Les investissements dans des projets immobiliers ont bondi de 8,9% sur un an en janvier-février… contre une hausse de seulement 3% sur la même période de l’an dernier, et de 6,9% sur l’ensemble de 2016.
Au total, les investissements en capital fixe –baromètre des dépenses dans les infrastructures et dans l’immobilier– ont eux aussi grimpé de 8,9% sur les deux premiers mois de l’année.
Cette nette accélération est « la plus grosse surprise du jour », après une progression de 7,9% au quatrième trimestre 2016, souligne Julian Evans-Pritchard, analyste de Capital Economics.
« Si les indicateurs suggèrent que l’économie reste robuste, cette solidité repose largement sur une croissance fulgurante des investissements qui sera difficile à maintenir », étant donné le resserrement attendu de la politique monétaire, a-t-il averti.
Par ailleurs, s’alarme Capital Economics, les industries traditionnelles, sidérurgie en tête, mènent la danse, en dépit de vastes surcapacités, tandis que la production s’essouffle dans des secteurs à plus grande valeur ajoutée: du verre aux robots industriels en passant par les téléphones.
De fait, les industries lourdes, les exportations et les gros chantiers d’infrastructures –piliers habituels du PIB chinois– bénéficient de coups de pouce appuyés des autorités, malgré un endettement total du pays avoisinant 270% du PIB.
Pékin s’est engagé à investir cette année quelque 350 milliards d’euros dans des projets ferroviaires, d’autoroutes et voies fluviales.
A l’inverse, les ventes de détail –jauge de la consommation des ménages– ont progressé de 9,5% sur un an en janvier-février, ralentissant nettement par rapport à la hausse de presque 11% enregistrée en décembre, et très en-deçà des anticipations.
Les experts s’attachaient cependant à relativiser, pointant le vif essoufflement des ventes de voitures en début d’année après la réduction d’un rabais fiscal à l’achat sur les petites cylindrées.
Dans l’immédiat, les robustes chiffres des investissements, associés à l’envolée récente du crédit, avec un doublement des prêts bancaires en janvier, augurent bien de la croissance économique pour l’ensemble du premier trimestre, estime Betty Wang, analyste de la banque ANZ.
A quel prix?
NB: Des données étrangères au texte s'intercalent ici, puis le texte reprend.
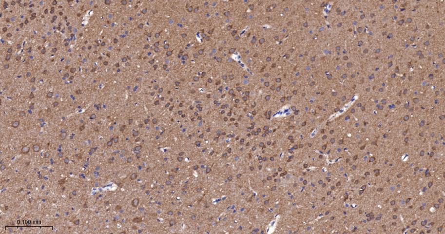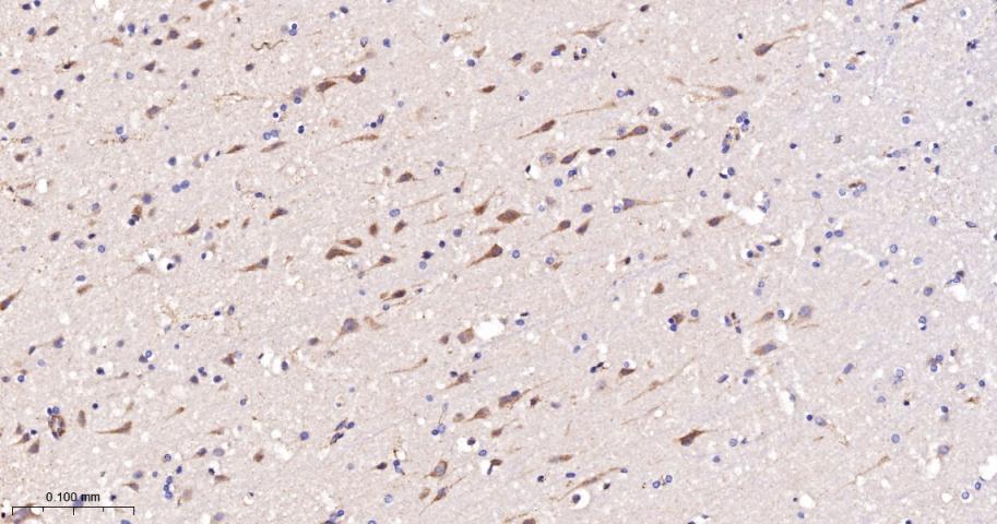 Paraformaldehyde-fixed, paraffin embedded Rat Cerebrum; Antigen retrieval by boiling in sodium citrate buffer (pH6.0) for 15 min; The section was incubated with FAK Monoclonal Antibody, Unconjugated (bsm-63128R) at 1:200 overnight at 4°C, followed by conjugation to the bs-0295G-HRP and DAB (C-0010) staining.
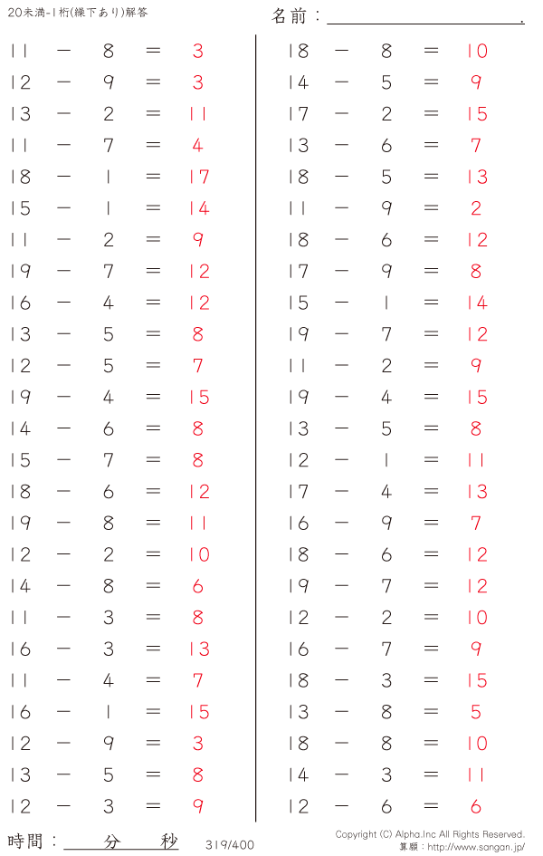 上記のボタンから「20未満の2桁-1桁」の算数数学ドリル・計算ドリル(PDFプリント)がダウンロードできます。個人利用は無料です(家庭以外での配布は有料です)。

Certes, la banque centrale pourrait se résoudre à endiguer le crédit à court terme, mais le sursaut de la conjoncture pourrait aussi « amoindrir la détermination des autorités à conduire les réformes structurelles promises », s’inquiète Mme Wang.
Et en particulier la restructuration compliquée des entreprises d’Etat –des mastodontes souvent surendettés et mal administrés, qui dominent des pans entiers de l’économie–, véritable serpent de mer de la politique chinoise.